Poor Manfred. It's all well and good to have countless girls throw themselves at you but most of them love you for who you pretend to be and not who you are. I find it hard to believe you're the same person behind closed doors..
I allowed my mind to momentarily drift off, to look past what transpired in the present to what could be in the future, to imagine what I knew I couldn't have. To imagine rolling over every morning and coming face to face with a pair of sumptuous blue eyes. To imagine being able to call him mine in every sense of the word, to be able to look at every single girl who ever swooned over his picture and feel a satisfying rush of pride knowing that what she and so many others wanted,I had. To one day stand at the altar after this war was all over...
I could feel my insides turning to jelly as I let my mind conjure a rendition of the scene. He would of course be wearing a dress uniform, preferably with all his medals and a dress helmet. I would have my hair down, with countless strings of pearls woven through it, and a sheer veil on top—
"Lea! Lea Schwarz, is that you?"
I jumped at the sound of my name. My daydream shattered into a thousand pieces when I looked up to see Käte standing over me, looking concerned.
"I've been looking for you forever. Is this where you've been the whole time?"
"Well, not exactly. I assisted them with an operation not too long ago."
I rose unsteadily to my feet. "Why were you looking for me?"
"Well...it's Richthofen."
My blood turned to ice. "Richthofen?"
"He wants to see you. He's been asking about you constantly. I don't know what made him take such a liking to you, but ever since you stopped coming with me to see him, the first thing he asks me every day is regarding your whereabouts." She gave me a strange look. "You told him your name was Natalia?"
I nodded. "I don't feel comfortable using my real name with strangers."
A blatant lie, but I wasn't about to reveal the truth quite yet.

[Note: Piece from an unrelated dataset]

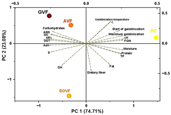 Principal Component Analysis (PCA) of flours from new wheat varieties and plain flour, based on their evaluated components. SG: start of gelatinization, GT: gelatinization temperature, MG: maximum gelatinization, ABS: consistency-corrected water absorption (%), DDT: dough development time (min), S: stability (min), MTI: mixing tolerance index (BU), DC: dough consistency (FE), FQN: farinograph quality number (min), C: carbon, OH: hydroxyl group, TP: peak temperature, ∆H: enthalpy of gelatinization, PF: plain flour, GVF: Gabilon variety flour, EOVF: Espigon de Oro variety flour, and AVF: Andino variety flour.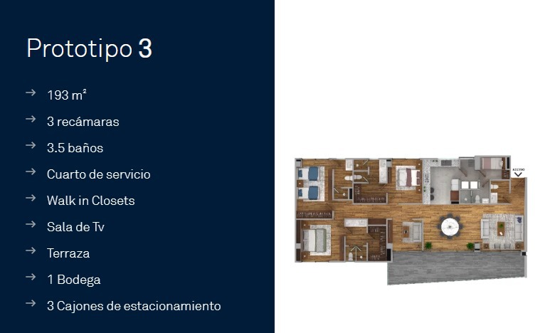 Departamentos de 125 m2 hasta 165 m2.

"Anyway...he's sleeping now, so you might want to go and clean up in there as best as you can." Käte started off down the hallway, talking over her shoulder. "I'll bring his lunch in a little bit."
I watched her until she had disappeared into another room, then headed the opposite direction in a slow walk.
So Manfred wanted to see me. So what? I would be cordial and polite to him as best as I could. That was what a nurse was supposed to do...wasn't it?